The day before yesterday, I happened upon the following article, linked from this site:
"Under Cheney, Halliburton Helped Saddam Hussein Siphon Billions from UN Oil-for-Food Program" By Jason Leopold
I've been following the Halliburton cover-up, as this is the most egregious example of what is not being addressed by CNN, MSNBC, and the other major media networks where most people get their news. I'm not familiar with this online journal, Scoops, but I noticed an article by Bill Moyers, whom I so admire, and clicked on it, and what does he discuss but the very real and frightening current state of media news in corporate conglomerate, and the dangers this imposes upon our freedoms. It's quite a lengthy article, amusing and seriously reflective. Some snipets follow, if you're interested. I would love to hear what Moyers has to say about Sinclair's recent decision. (I don't know why the copied link is not showing up as a highlighted link. Sorry.)
http://www.scoop.co.nz/mason/stories/HL0410/S00120.htmJOURNALISM UNDER FIRE
This speech was given by Bill Moyers at a Society of Professional Journalists conference on Sept. 11, 2004.
By Bill Moyers
"If raging ideologies are difficult to penetrate, so is secrecy. Secrecy is hardly a new or surprising story. But we are witnessing new barriers imposed on public access to information and a rapid mutation of America's political culture in favor of the secret rule of government."
"But never has there been an administration like the one in power today so disciplined in secrecy, so precisely in lockstep in keeping information from the people at large and, in defiance of the Constitution, from their representatives in Congress. The litany is long: The president's chief of staff orders a review that leads to at least 6000 documents being pulled from government websites. The Defense Department bans photos of military caskets being returned to the U.S. To hide the influence of Kenneth Lay, Enron, and other energy moguls, the vice president stonewalls his energy task force records with the help of his duck-hunting pal on the Supreme Court. The CIA adds a new question to its standard employee polygraph exam, asking, "Do you have friends in the media?"
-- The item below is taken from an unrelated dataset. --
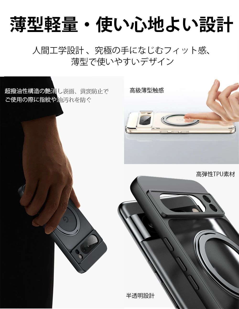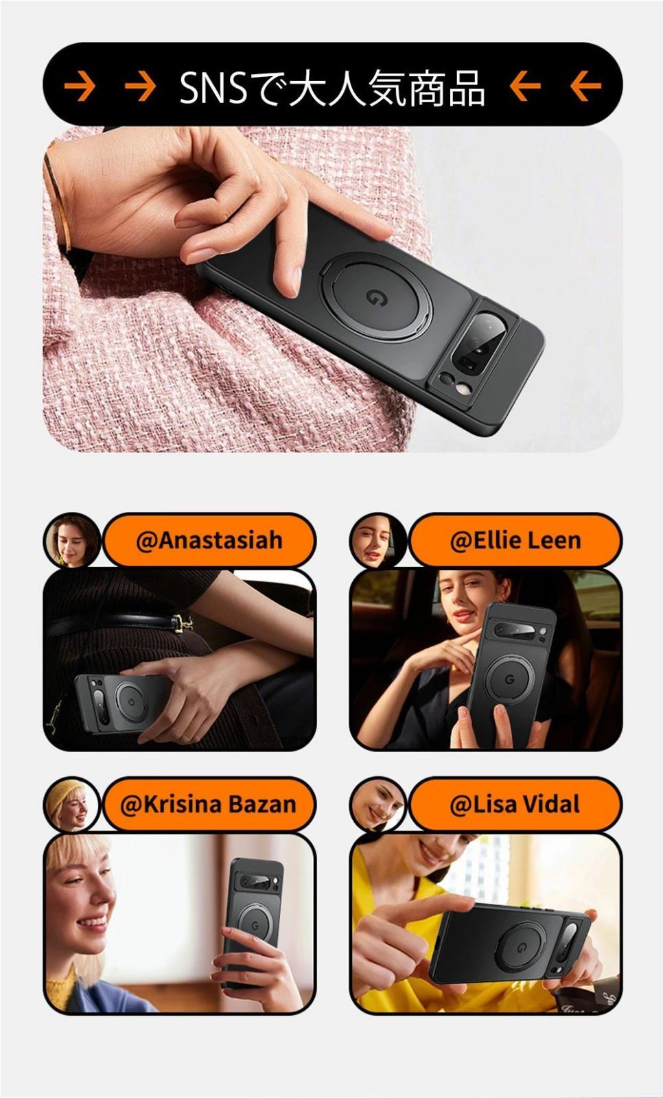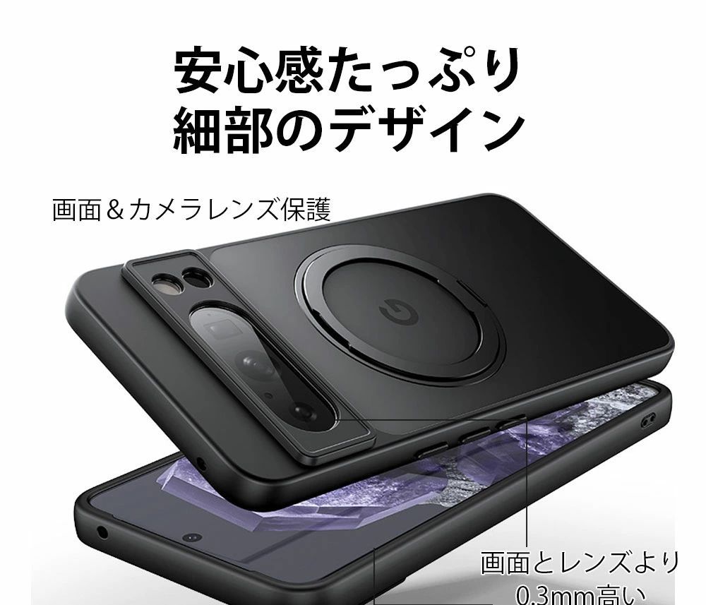 衝撃吸収性に優れた素材と構造が、誤って落とした際の衝撃を効果的に軽減。スマホの画面やカメラレンズの落下による損傷を保護するために、レンズやエッジよりも少し高いデザインを採用し、こんなの細部のデザインは安心感たっぷりのなっています。スマホをしっかり保護します。更にケース四隅には、高耐震クッションを搭載しており、google pixelケースを落下などの衝撃からしっかりと守ります。

"Now we are buying into the very paradigm of a "war on terror" that our government with staggering banality, soaring hubris, and stunning bravado employs to elicit public acquiescence while offering no criterion of success or failure, no knowledge of the cost, and no measure of democratic accountability."
"That's why I have also become a nuisance, if not a fanatic, on the perils of media consolidation."
"Sure enough, as merger as followed merger, journalism has been driven further down the hierarchy of values in the huge conglomerates that dominate what we see, read and hear. And to feed the profit margins journalism has been directed to other priorities than "the news we need to know to keep our freedoms.""
"A profound transformation is happening here. The framers of our nation never envisioned these huge media giants; never imagined what could happen if big government, big publishing and big broadcasters ever saw eye to eye in putting the public's need for news second to their own interests and to the ideology of free-market economics. Nor could they have foreseen the rise of a quasi-official partisan press serving as a mighty megaphone for the regime in power. Stretching from Washington think tanks funded by corporations to the editorial pages of the Wall Street Journal to Rupert Murdoch's far-flung empire of tabloid journalism to the nattering know- nothings of talk radio, a ceaseless conveyor belt often taking its cues from daily talking points supplied by the Republican National Committee moves mountains of the official party line into the public discourse. But that's not their only mission. They wage war on anyone who does not subscribe to the propaganda, heaping scorn on what they call "old-school journalism.""
"But I approach the end of my own long run believing more strongly than ever that the quality of journalism and the quality of democracy are inextricably joined."
"I believe democracy requires "a sacred contract" between journalists and those who put their trust in us to tell them what we can about how the world really works."